- _Records for the task_:
:::::

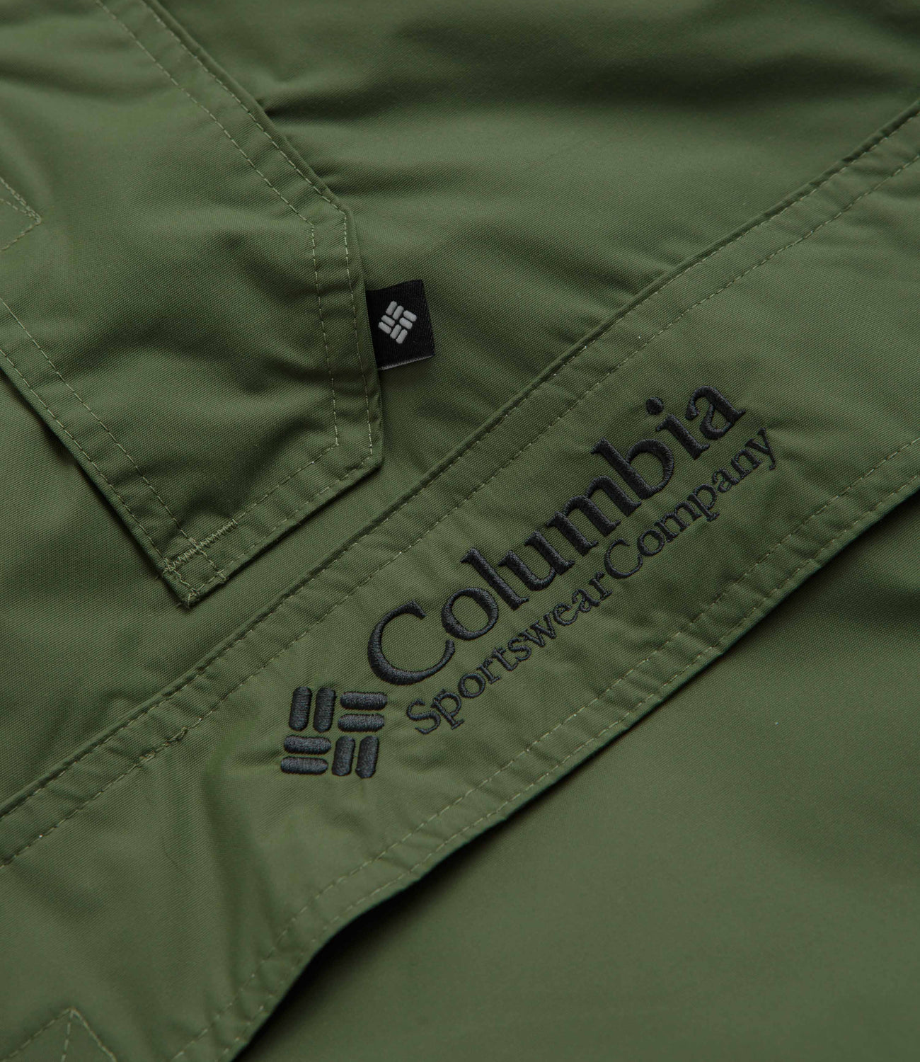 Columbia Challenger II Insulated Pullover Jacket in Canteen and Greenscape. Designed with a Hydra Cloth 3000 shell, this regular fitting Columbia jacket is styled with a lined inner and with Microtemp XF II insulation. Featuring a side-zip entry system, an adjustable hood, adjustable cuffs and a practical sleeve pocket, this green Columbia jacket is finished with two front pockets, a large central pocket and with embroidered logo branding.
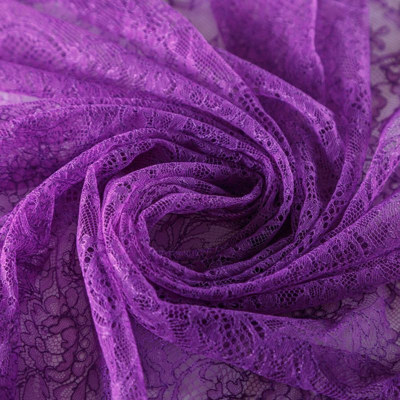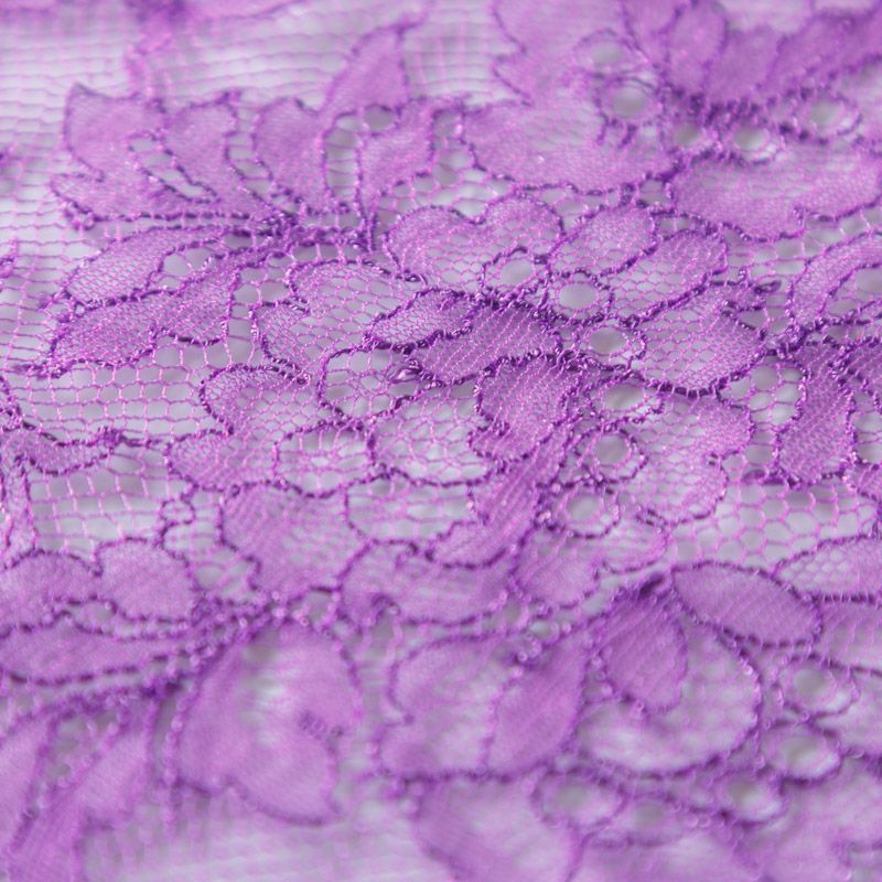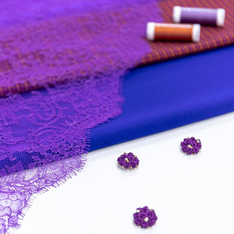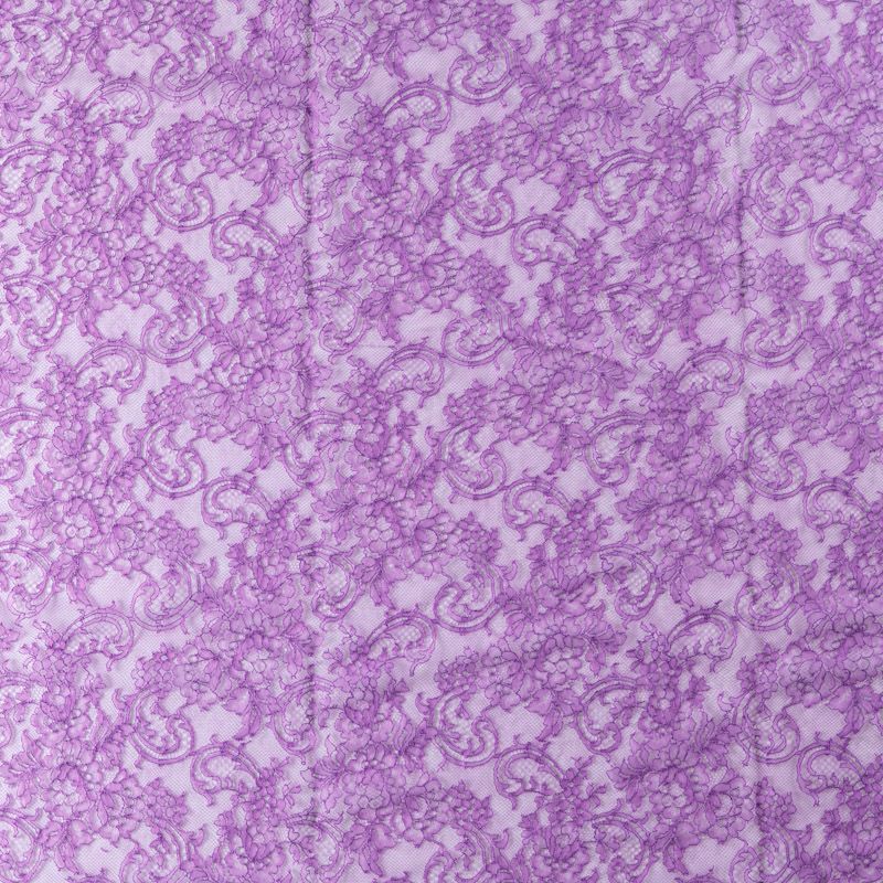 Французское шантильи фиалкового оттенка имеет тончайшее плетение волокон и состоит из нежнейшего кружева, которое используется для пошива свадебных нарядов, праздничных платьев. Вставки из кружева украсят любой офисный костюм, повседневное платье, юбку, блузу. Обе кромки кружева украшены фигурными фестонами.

:::::

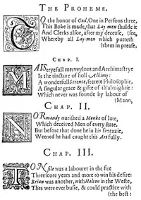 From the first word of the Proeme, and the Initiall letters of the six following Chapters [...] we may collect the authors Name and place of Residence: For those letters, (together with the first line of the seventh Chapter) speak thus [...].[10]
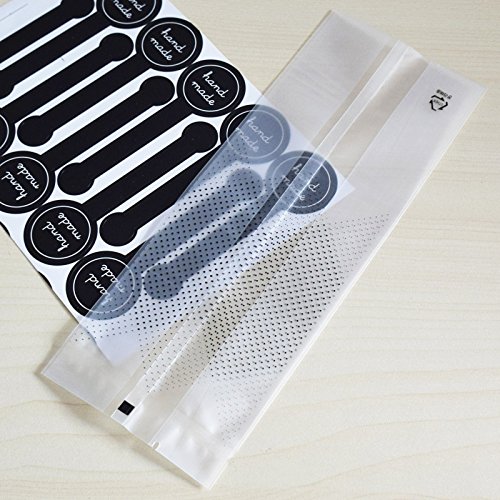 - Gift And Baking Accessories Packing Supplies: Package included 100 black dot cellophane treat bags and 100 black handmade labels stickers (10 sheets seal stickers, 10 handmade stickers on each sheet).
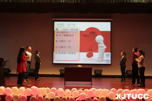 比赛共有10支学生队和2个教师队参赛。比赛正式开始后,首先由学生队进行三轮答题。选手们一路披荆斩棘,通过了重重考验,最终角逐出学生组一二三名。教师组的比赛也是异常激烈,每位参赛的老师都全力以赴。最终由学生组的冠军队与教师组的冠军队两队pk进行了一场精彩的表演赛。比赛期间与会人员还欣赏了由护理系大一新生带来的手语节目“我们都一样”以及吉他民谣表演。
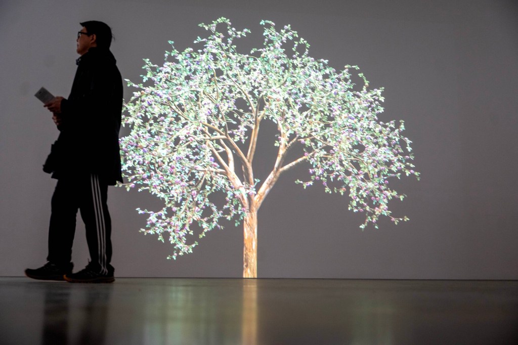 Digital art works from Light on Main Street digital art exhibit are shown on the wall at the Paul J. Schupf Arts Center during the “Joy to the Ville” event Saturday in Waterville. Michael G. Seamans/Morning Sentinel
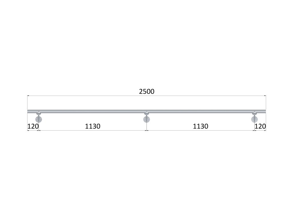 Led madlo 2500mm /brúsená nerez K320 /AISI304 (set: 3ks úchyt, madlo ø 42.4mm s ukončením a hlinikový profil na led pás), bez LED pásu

:::::

- _Work to complete_:
Up in the listing, locate the line with "比赛共有10支学生队和2个教"; print it and every line after it down to the line with "Led madlo 2500mm", which is included too. Skip the pictures.

- _Completed task_:
 比赛共有10支学生队和2个教师队参赛。比赛正式开始后,首先由学生队进行三轮答题。选手们一路披荆斩棘,通过了重重考验,最终角逐出学生组一二三名。教师组的比赛也是异常激烈,每位参赛的老师都全力以赴。最终由学生组的冠军队与教师组的冠军队两队pk进行了一场精彩的表演赛。比赛期间与会人员还欣赏了由护理系大一新生带来的手语节目“我们都一样”以及吉他民谣表演。
 Digital art works from Light on Main Street digital art exhibit are shown on the wall at the Paul J. Schupf Arts Center during the “Joy to the Ville” event Saturday in Waterville. Michael G. Seamans/Morning Sentinel
 Led madlo 2500mm /brúsená nerez K320 /AISI304 (set: 3ks úchyt, madlo ø 42.4mm s ukončením a hlinikový profil na led pás), bez LED pásu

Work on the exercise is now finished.